WHAT YOU SHOULD DO: Records follow. Print exactly the lines from the one that has "Two of PrivatAir's" through the one that has "D70 - 16 ft", inclusive, and omit the pictures.

DATASET EXCERPTS:
= Beginning of Section =

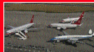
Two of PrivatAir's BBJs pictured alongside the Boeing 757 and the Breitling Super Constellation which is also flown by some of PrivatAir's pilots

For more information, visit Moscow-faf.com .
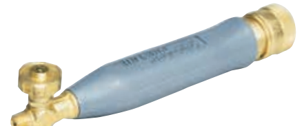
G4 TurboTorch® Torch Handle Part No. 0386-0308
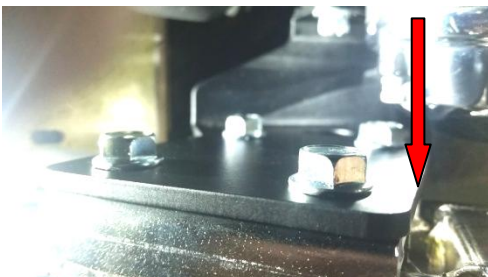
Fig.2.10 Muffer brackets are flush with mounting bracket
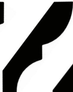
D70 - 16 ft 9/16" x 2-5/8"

= End of Section =
= Beginning of Section =

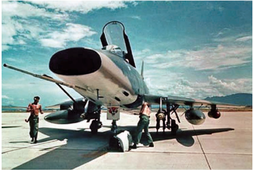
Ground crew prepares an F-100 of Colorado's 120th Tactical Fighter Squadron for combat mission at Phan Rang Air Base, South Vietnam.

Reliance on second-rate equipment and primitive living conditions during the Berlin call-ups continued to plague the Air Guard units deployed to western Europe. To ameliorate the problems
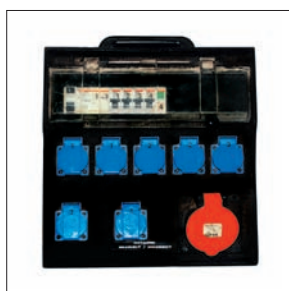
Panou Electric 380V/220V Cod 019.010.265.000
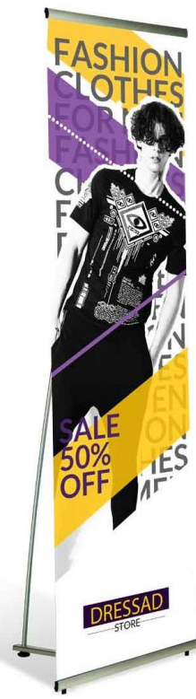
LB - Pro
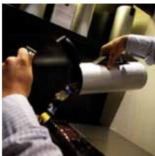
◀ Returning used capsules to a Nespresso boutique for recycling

= End of Section =

EXPECTED ANSWER:
Two of PrivatAir's BBJs pictured alongside the Boeing 757 and the Breitling Super Constellation which is also flown by some of PrivatAir's pilots

For more information, visit Moscow-faf.com .
G4 TurboTorch® Torch Handle Part No. 0386-0308
Fig.2.10 Muffer brackets are flush with mounting bracket
D70 - 16 ft 9/16" x 2-5/8"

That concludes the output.